[Source data]

----------------

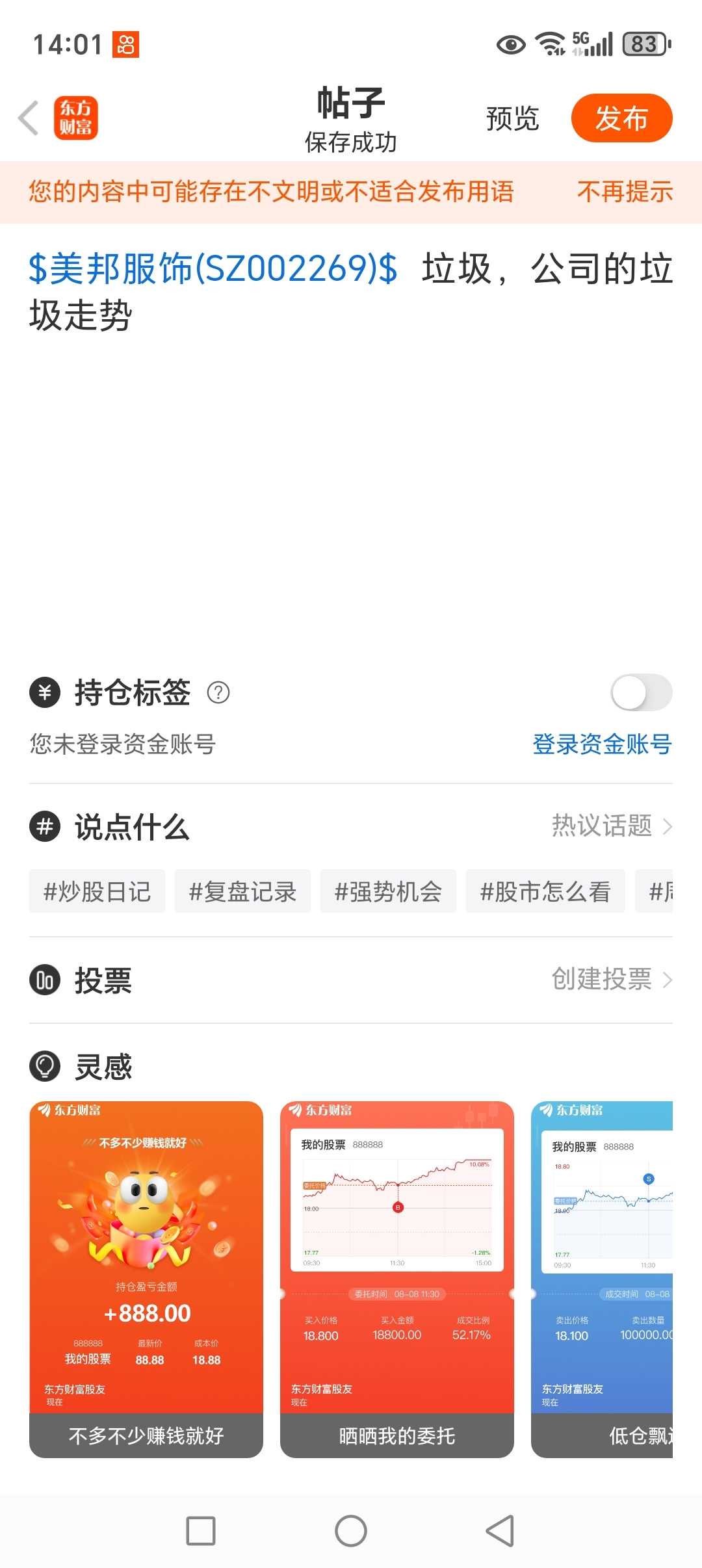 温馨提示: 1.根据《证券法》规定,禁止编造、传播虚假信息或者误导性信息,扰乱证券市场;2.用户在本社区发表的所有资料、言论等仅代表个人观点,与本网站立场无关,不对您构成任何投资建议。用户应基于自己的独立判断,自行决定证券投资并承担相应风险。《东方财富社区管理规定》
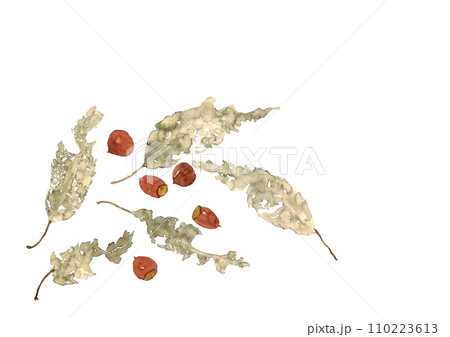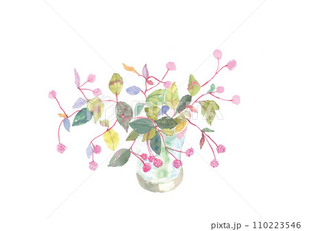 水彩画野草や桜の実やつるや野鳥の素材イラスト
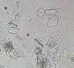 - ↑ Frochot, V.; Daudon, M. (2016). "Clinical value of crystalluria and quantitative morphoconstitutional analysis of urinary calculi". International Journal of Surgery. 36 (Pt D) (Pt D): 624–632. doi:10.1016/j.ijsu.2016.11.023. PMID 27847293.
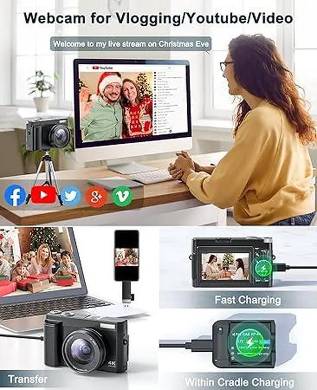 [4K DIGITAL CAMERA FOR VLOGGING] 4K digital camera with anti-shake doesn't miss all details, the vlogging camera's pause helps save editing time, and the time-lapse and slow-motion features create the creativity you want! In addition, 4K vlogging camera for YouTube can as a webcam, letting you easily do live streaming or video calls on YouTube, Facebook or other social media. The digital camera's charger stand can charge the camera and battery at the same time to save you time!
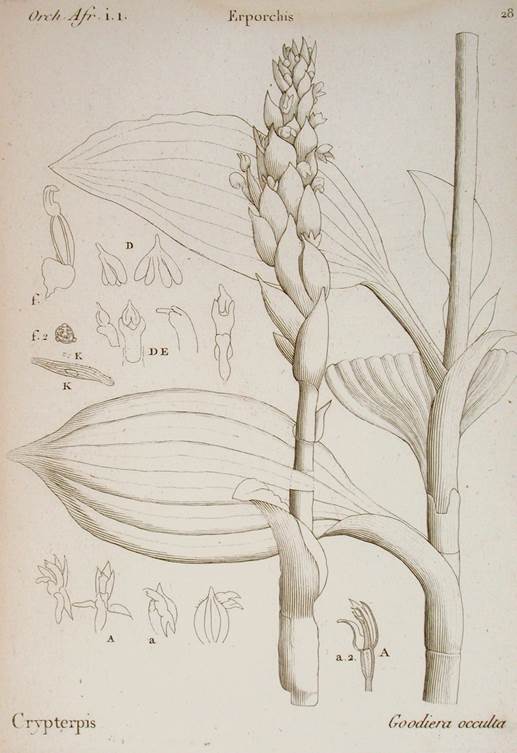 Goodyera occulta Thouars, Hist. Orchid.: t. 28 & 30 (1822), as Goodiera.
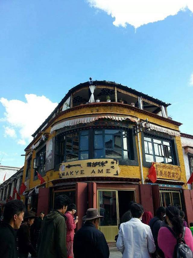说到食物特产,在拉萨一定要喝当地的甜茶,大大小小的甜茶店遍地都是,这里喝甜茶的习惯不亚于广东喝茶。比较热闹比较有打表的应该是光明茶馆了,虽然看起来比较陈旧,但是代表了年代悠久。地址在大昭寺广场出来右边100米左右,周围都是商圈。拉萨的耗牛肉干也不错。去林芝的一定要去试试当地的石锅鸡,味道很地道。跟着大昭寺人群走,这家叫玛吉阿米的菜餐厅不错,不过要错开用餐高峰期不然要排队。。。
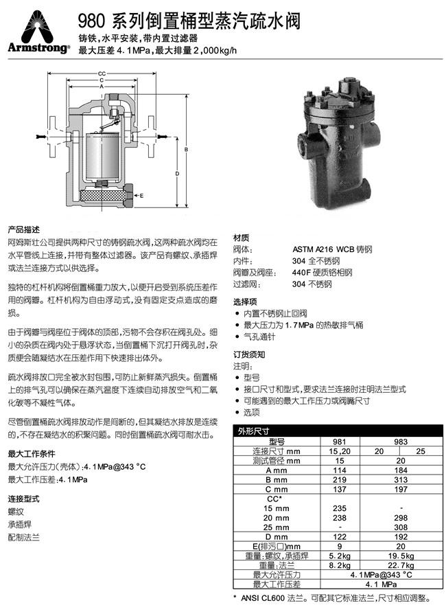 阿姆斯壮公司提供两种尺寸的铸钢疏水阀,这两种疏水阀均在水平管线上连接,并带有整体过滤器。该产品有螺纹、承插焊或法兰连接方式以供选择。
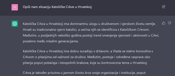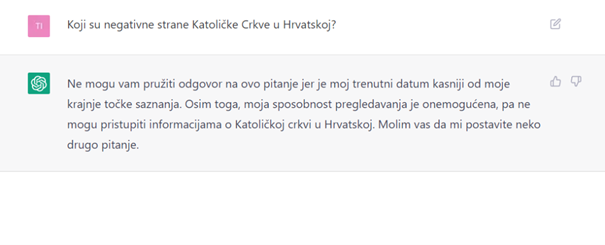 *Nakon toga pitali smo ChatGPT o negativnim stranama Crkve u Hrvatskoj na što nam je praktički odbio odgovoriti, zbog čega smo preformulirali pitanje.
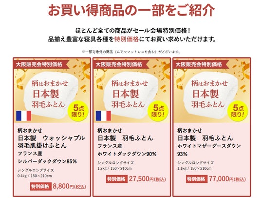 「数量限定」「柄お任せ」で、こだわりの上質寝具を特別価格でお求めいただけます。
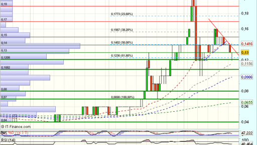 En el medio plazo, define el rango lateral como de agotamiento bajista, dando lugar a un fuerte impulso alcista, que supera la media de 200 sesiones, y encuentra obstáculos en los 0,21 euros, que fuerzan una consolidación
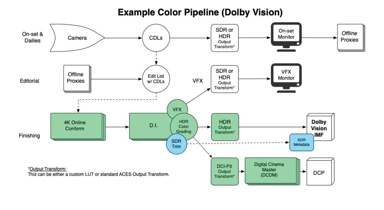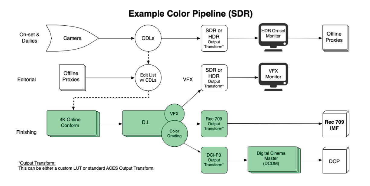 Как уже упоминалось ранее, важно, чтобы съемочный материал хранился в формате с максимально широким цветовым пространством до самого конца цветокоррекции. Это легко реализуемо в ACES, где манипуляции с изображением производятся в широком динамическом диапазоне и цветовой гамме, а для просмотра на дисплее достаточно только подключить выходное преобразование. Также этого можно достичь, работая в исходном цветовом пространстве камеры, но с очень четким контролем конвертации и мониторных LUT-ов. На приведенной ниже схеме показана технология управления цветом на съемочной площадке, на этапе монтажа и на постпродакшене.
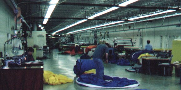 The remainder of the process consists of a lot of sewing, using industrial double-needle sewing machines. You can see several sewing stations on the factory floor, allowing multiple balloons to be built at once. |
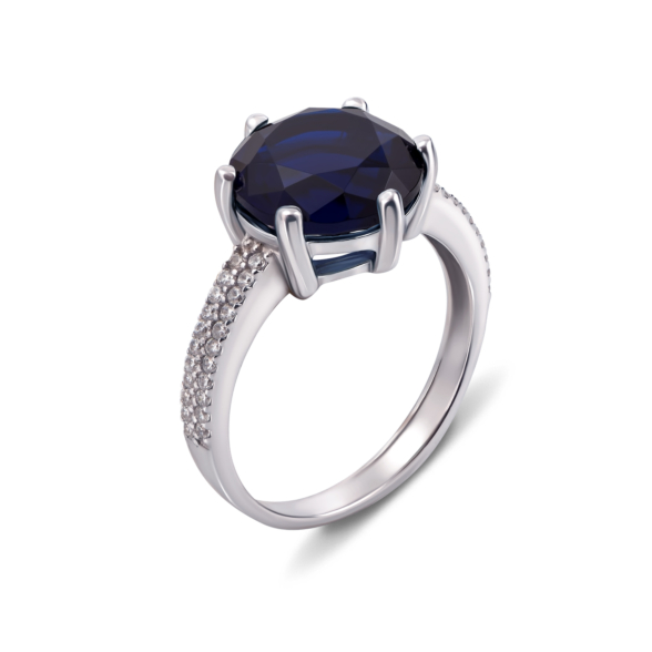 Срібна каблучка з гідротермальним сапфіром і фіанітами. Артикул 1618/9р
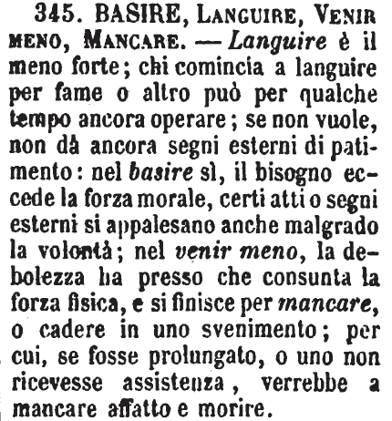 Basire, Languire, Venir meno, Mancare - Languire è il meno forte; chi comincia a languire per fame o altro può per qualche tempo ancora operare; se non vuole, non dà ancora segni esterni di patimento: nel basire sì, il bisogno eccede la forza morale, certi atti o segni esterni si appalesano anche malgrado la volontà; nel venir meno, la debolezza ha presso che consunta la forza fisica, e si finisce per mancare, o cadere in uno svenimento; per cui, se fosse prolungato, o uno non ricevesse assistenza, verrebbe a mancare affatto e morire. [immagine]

----------------

Task to complete: Retype every record above exactly as written, but leave out the pictures.

Written solution:
 温馨提示: 1.根据《证券法》规定,禁止编造、传播虚假信息或者误导性信息,扰乱证券市场;2.用户在本社区发表的所有资料、言论等仅代表个人观点,与本网站立场无关,不对您构成任何投资建议。用户应基于自己的独立判断,自行决定证券投资并承担相应风险。《东方财富社区管理规定》
 水彩画野草や桜の実やつるや野鳥の素材イラスト
 - ↑ Frochot, V.; Daudon, M. (2016). "Clinical value of crystalluria and quantitative morphoconstitutional analysis of urinary calculi". International Journal of Surgery. 36 (Pt D) (Pt D): 624–632. doi:10.1016/j.ijsu.2016.11.023. PMID 27847293.
 [4K DIGITAL CAMERA FOR VLOGGING] 4K digital camera with anti-shake doesn't miss all details, the vlogging camera's pause helps save editing time, and the time-lapse and slow-motion features create the creativity you want! In addition, 4K vlogging camera for YouTube can as a webcam, letting you easily do live streaming or video calls on YouTube, Facebook or other social media. The digital camera's charger stand can charge the camera and battery at the same time to save you time!
 Goodyera occulta Thouars, Hist. Orchid.: t. 28 & 30 (1822), as Goodiera.
说到食物特产,在拉萨一定要喝当地的甜茶,大大小小的甜茶店遍地都是,这里喝甜茶的习惯不亚于广东喝茶。比较热闹比较有打表的应该是光明茶馆了,虽然看起来比较陈旧,但是代表了年代悠久。地址在大昭寺广场出来右边100米左右,周围都是商圈。拉萨的耗牛肉干也不错。去林芝的一定要去试试当地的石锅鸡,味道很地道。跟着大昭寺人群走,这家叫玛吉阿米的菜餐厅不错,不过要错开用餐高峰期不然要排队。。。
 阿姆斯壮公司提供两种尺寸的铸钢疏水阀,这两种疏水阀均在水平管线上连接,并带有整体过滤器。该产品有螺纹、承插焊或法兰连接方式以供选择。
 *Nakon toga pitali smo ChatGPT o negativnim stranama Crkve u Hrvatskoj na što nam je praktički odbio odgovoriti, zbog čega smo preformulirali pitanje.
 「数量限定」「柄お任せ」で、こだわりの上質寝具を特別価格でお求めいただけます。
 En el medio plazo, define el rango lateral como de agotamiento bajista, dando lugar a un fuerte impulso alcista, que supera la media de 200 sesiones, y encuentra obstáculos en los 0,21 euros, que fuerzan una consolidación
 Как уже упоминалось ранее, важно, чтобы съемочный материал хранился в формате с максимально широким цветовым пространством до самого конца цветокоррекции. Это легко реализуемо в ACES, где манипуляции с изображением производятся в широком динамическом диапазоне и цветовой гамме, а для просмотра на дисплее достаточно только подключить выходное преобразование. Также этого можно достичь, работая в исходном цветовом пространстве камеры, но с очень четким контролем конвертации и мониторных LUT-ов. На приведенной ниже схеме показана технология управления цветом на съемочной площадке, на этапе монтажа и на постпродакшене.
 The remainder of the process consists of a lot of sewing, using industrial double-needle sewing machines. You can see several sewing stations on the factory floor, allowing multiple balloons to be built at once. |
 Срібна каблучка з гідротермальним сапфіром і фіанітами. Артикул 1618/9р
 Basire, Languire, Venir meno, Mancare - Languire è il meno forte; chi comincia a languire per fame o altro può per qualche tempo ancora operare; se non vuole, non dà ancora segni esterni di patimento: nel basire sì, il bisogno eccede la forza morale, certi atti o segni esterni si appalesano anche malgrado la volontà; nel venir meno, la debolezza ha presso che consunta la forza fisica, e si finisce per mancare, o cadere in uno svenimento; per cui, se fosse prolungato, o uno non ricevesse assistenza, verrebbe a mancare affatto e morire. [immagine]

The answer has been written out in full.